(Dataset entries)
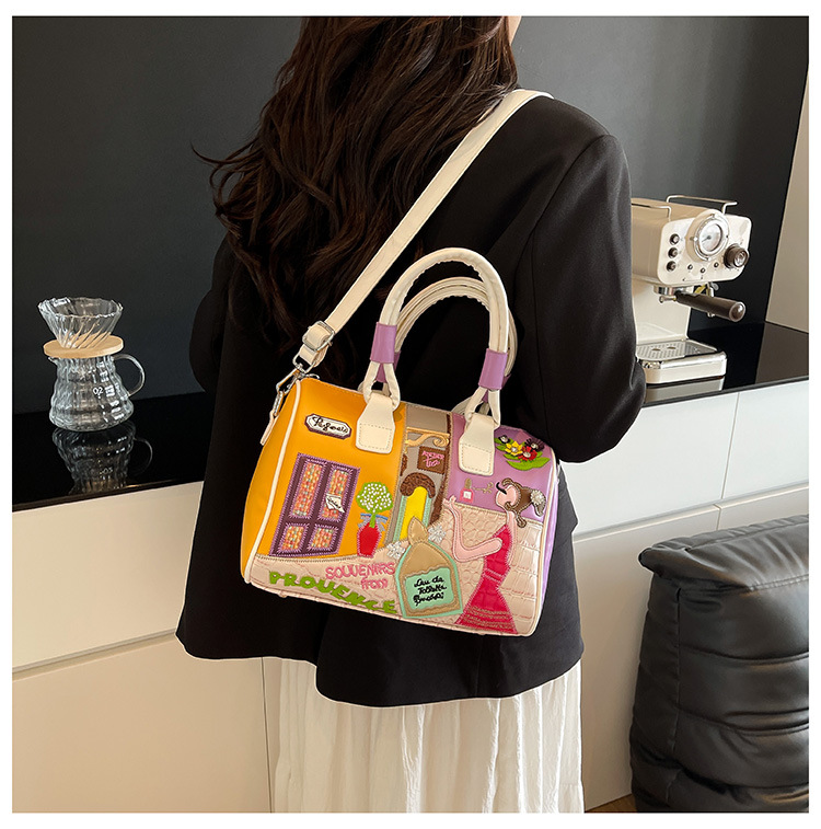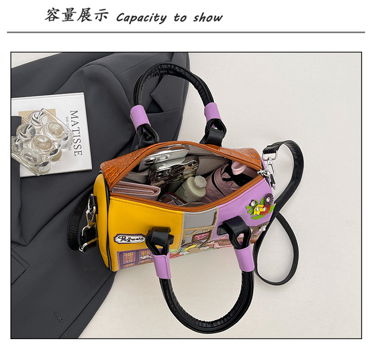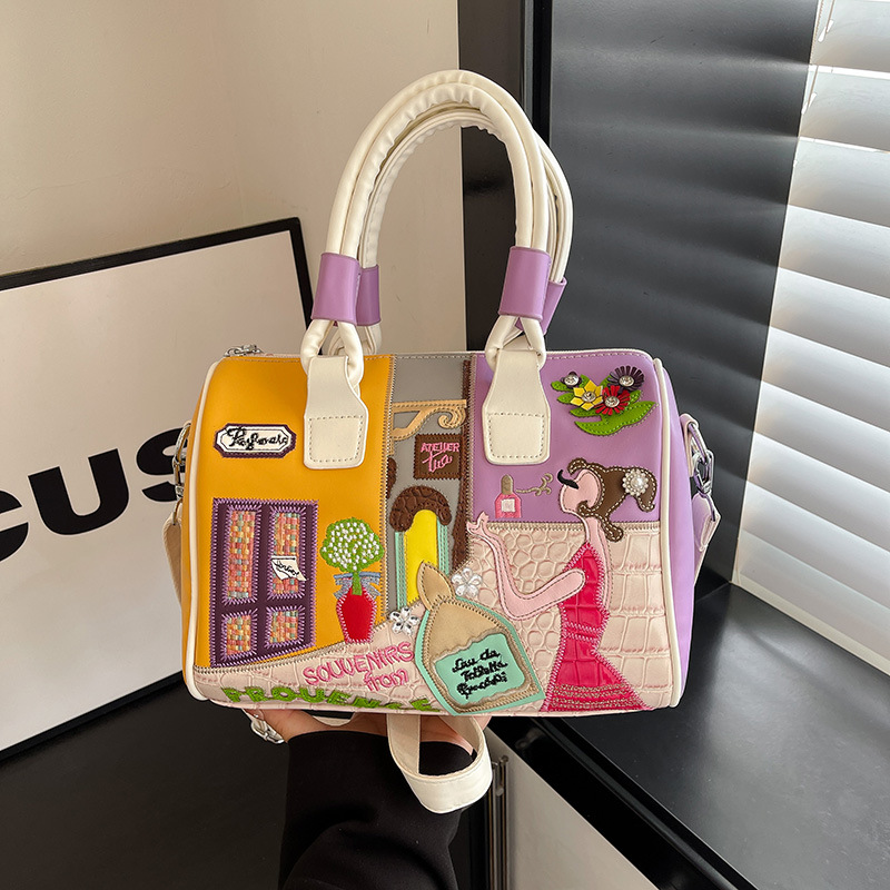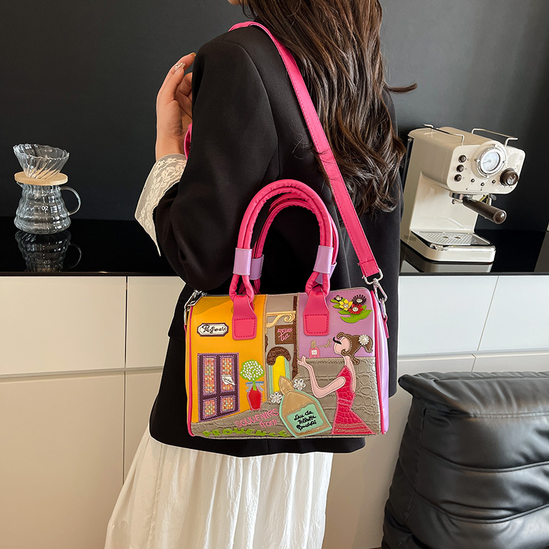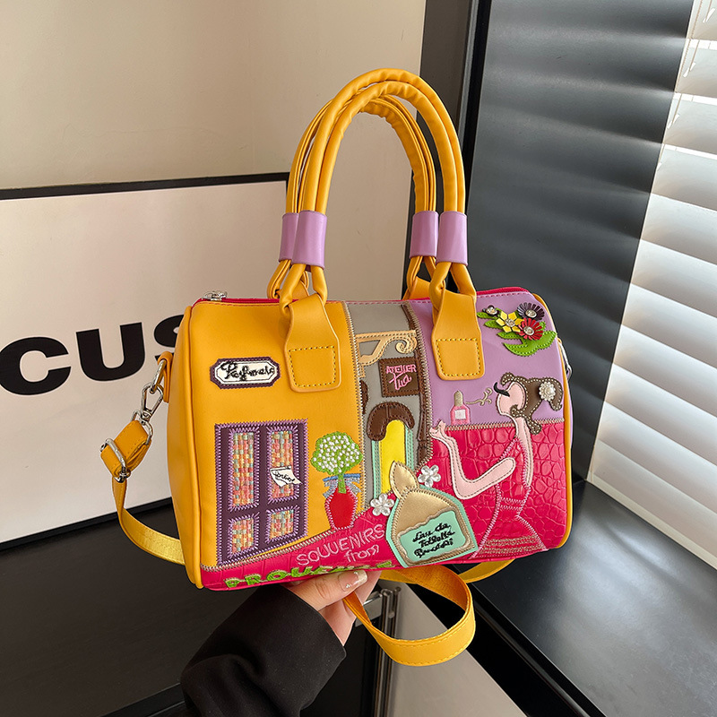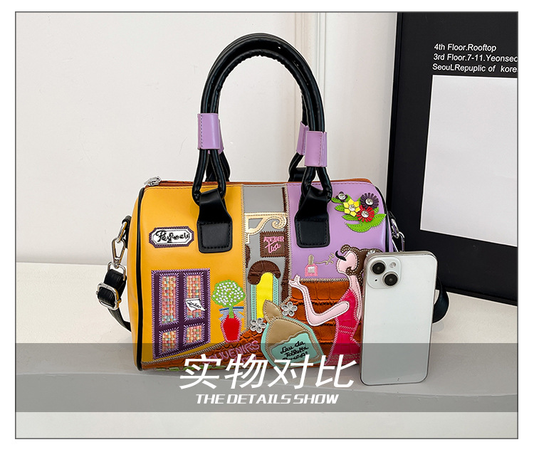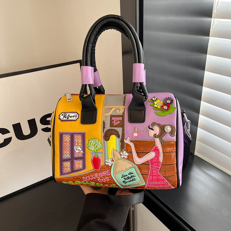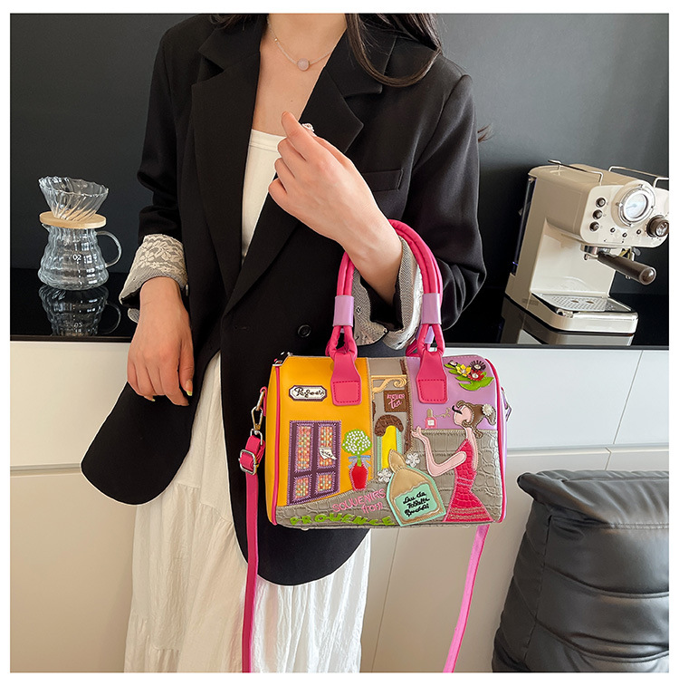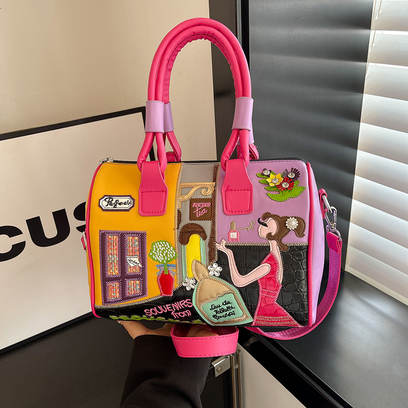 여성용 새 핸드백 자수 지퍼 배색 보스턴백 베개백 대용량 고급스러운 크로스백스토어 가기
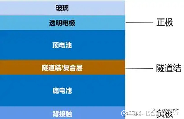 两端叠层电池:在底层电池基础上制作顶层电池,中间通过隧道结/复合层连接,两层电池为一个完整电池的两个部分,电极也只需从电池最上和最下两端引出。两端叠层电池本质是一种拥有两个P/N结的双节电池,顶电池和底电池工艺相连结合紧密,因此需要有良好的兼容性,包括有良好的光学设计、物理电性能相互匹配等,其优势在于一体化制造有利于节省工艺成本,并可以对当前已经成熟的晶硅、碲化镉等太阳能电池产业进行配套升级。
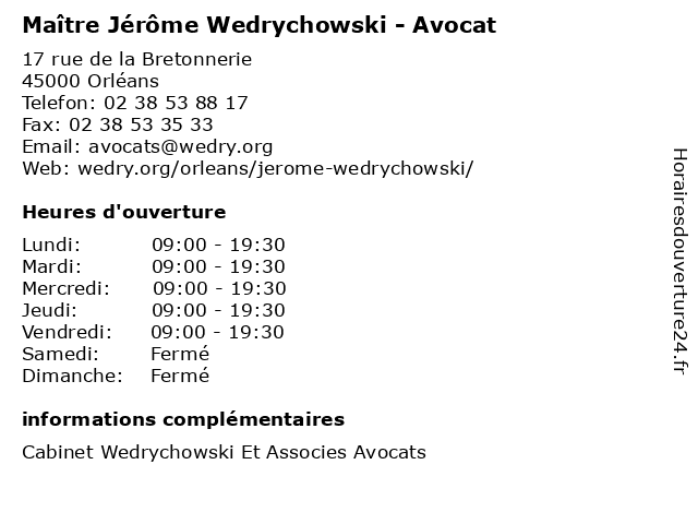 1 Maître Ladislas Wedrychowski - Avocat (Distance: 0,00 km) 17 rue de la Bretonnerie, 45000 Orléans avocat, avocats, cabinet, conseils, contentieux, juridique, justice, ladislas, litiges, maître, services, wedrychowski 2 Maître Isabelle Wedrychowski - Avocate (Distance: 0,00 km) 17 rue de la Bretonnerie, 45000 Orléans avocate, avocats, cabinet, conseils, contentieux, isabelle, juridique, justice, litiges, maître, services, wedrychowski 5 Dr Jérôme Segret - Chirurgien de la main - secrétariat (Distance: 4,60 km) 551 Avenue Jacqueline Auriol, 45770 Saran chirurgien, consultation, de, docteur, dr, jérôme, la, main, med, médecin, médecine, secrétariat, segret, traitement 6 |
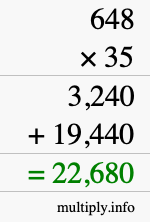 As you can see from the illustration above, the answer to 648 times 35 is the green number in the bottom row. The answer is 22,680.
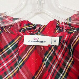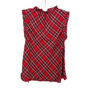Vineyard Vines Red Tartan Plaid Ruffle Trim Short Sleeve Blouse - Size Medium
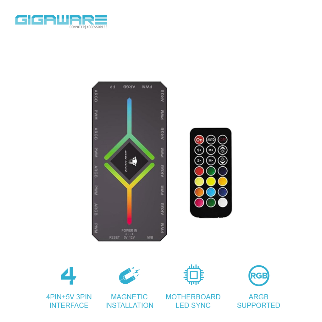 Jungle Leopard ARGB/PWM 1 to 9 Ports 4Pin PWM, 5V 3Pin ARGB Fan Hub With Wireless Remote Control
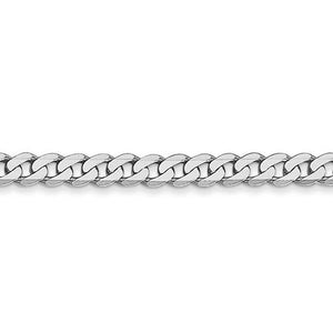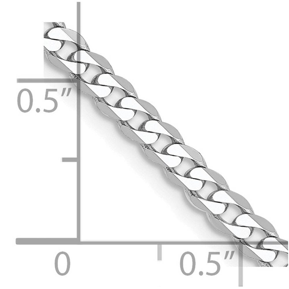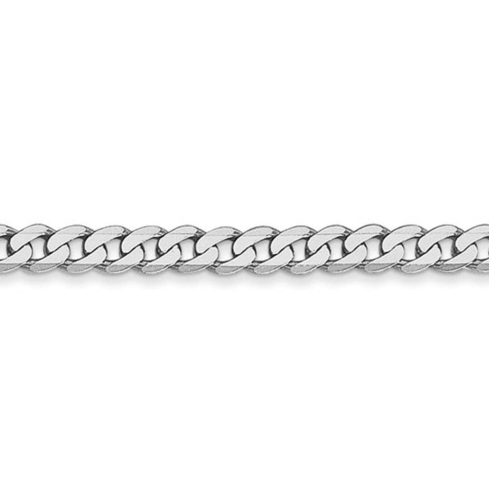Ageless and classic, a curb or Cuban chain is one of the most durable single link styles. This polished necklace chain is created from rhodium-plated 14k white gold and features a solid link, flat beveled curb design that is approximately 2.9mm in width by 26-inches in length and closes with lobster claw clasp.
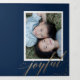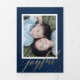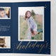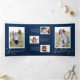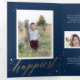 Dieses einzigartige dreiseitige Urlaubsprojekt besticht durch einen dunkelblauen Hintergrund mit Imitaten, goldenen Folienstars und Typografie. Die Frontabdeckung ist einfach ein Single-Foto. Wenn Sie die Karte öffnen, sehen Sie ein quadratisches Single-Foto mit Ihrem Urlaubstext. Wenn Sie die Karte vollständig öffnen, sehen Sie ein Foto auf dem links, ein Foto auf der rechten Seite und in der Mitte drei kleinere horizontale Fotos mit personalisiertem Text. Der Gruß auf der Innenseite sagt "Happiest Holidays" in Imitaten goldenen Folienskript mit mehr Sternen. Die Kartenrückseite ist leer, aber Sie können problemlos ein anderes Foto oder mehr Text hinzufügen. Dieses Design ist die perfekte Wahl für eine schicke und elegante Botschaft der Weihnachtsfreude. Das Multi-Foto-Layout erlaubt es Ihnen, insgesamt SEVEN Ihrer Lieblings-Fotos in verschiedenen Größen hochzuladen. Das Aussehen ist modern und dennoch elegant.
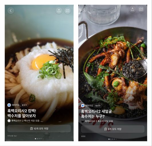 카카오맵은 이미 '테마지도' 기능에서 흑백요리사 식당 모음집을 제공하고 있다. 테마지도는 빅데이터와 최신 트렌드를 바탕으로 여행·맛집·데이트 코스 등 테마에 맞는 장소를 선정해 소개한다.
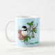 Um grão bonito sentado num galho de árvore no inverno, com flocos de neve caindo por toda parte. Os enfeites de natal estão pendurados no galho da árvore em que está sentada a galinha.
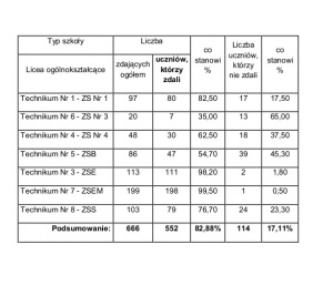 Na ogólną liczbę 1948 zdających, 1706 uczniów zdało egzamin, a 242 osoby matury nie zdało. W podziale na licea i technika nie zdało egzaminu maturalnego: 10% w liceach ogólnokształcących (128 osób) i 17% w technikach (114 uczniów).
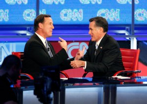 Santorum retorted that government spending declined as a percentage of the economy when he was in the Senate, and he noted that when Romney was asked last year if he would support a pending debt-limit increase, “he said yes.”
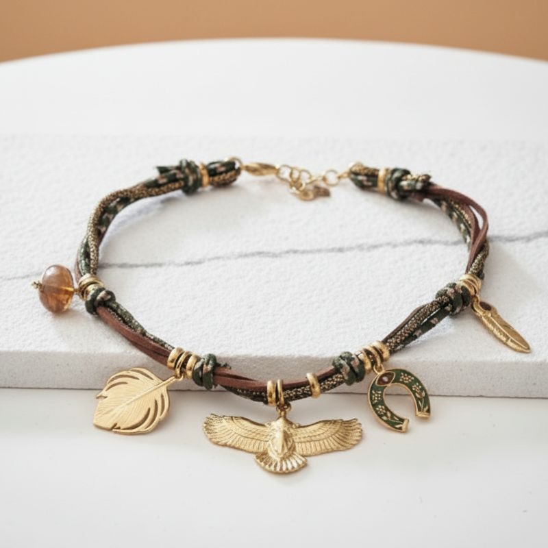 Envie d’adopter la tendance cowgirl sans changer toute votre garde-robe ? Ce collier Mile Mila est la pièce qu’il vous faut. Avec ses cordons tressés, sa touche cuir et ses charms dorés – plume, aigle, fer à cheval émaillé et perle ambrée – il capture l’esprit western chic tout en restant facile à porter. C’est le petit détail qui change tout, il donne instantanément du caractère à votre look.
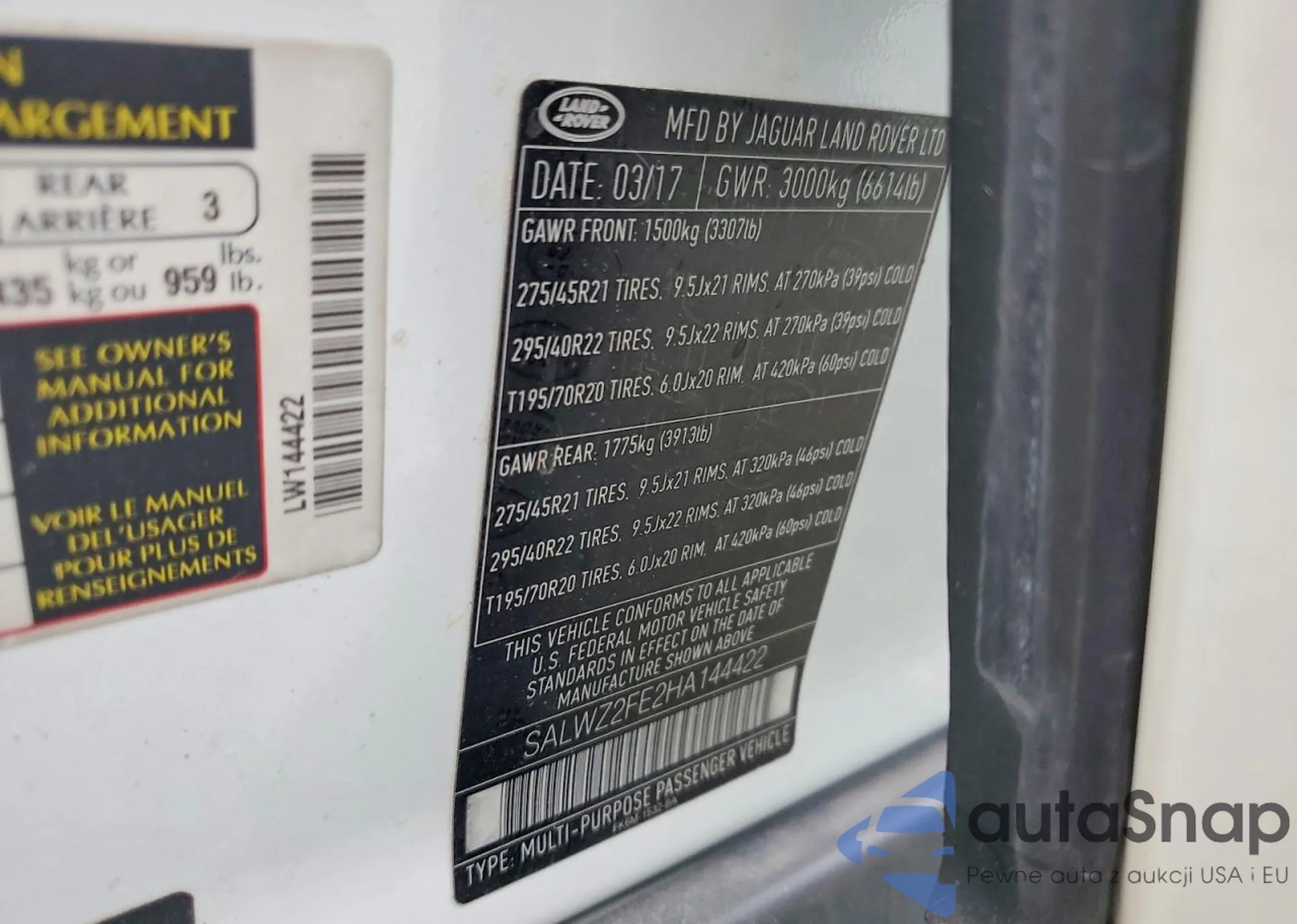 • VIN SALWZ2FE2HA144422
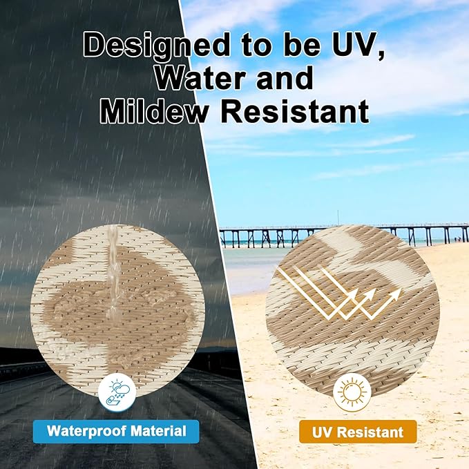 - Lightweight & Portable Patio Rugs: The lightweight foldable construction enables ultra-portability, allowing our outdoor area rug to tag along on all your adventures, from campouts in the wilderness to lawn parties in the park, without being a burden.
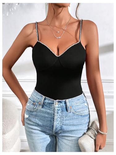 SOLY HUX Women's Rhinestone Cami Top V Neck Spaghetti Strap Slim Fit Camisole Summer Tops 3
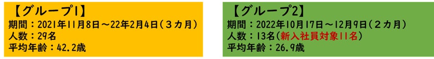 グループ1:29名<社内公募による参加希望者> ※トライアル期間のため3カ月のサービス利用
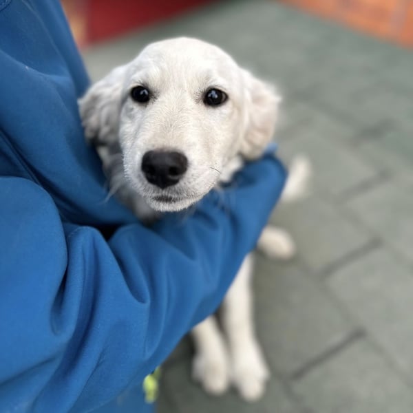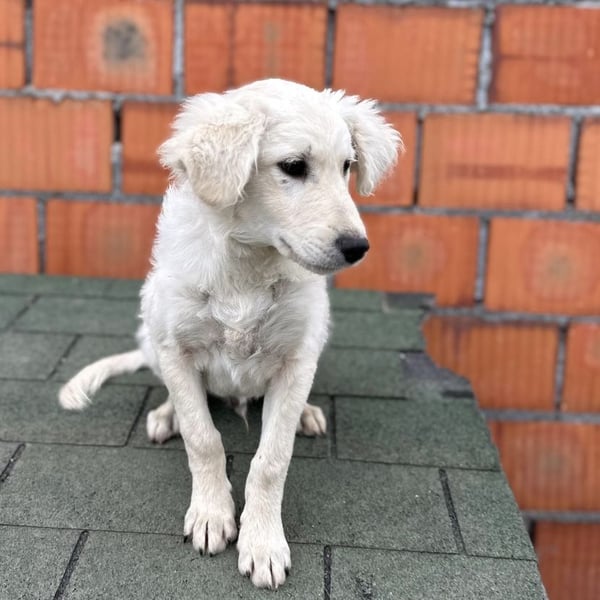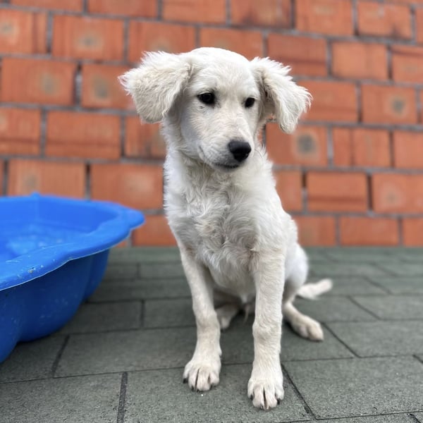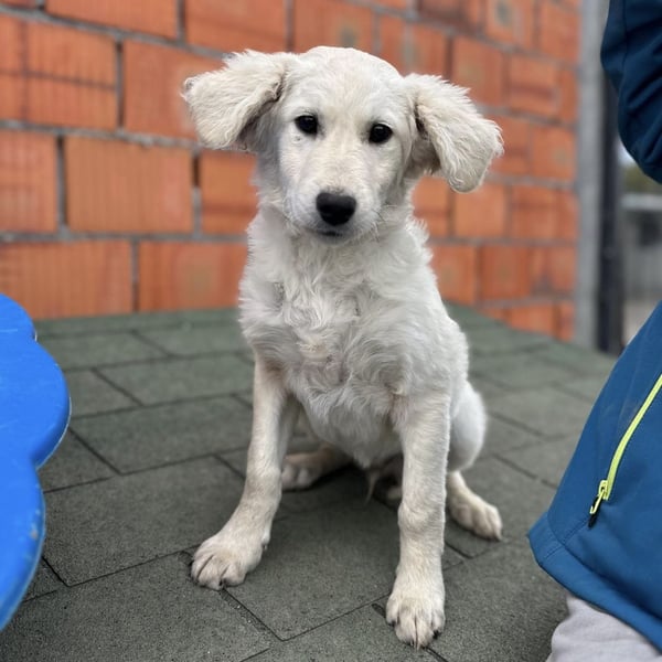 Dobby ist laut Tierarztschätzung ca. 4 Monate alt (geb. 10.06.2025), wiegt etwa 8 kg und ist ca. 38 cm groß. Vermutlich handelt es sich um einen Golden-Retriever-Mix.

## Exercise objective
Only the lines from the one that contains "SOLY HUX Women's" to the end of the records, inclusive, are to be quoted exactly, with pictures excluded.

## Task response
 SOLY HUX Women's Rhinestone Cami Top V Neck Spaghetti Strap Slim Fit Camisole Summer Tops 3
 グループ1:29名<社内公募による参加希望者> ※トライアル期間のため3カ月のサービス利用
 Dobby ist laut Tierarztschätzung ca. 4 Monate alt (geb. 10.06.2025), wiegt etwa 8 kg und ist ca. 38 cm groß. Vermutlich handelt es sich um einen Golden-Retriever-Mix.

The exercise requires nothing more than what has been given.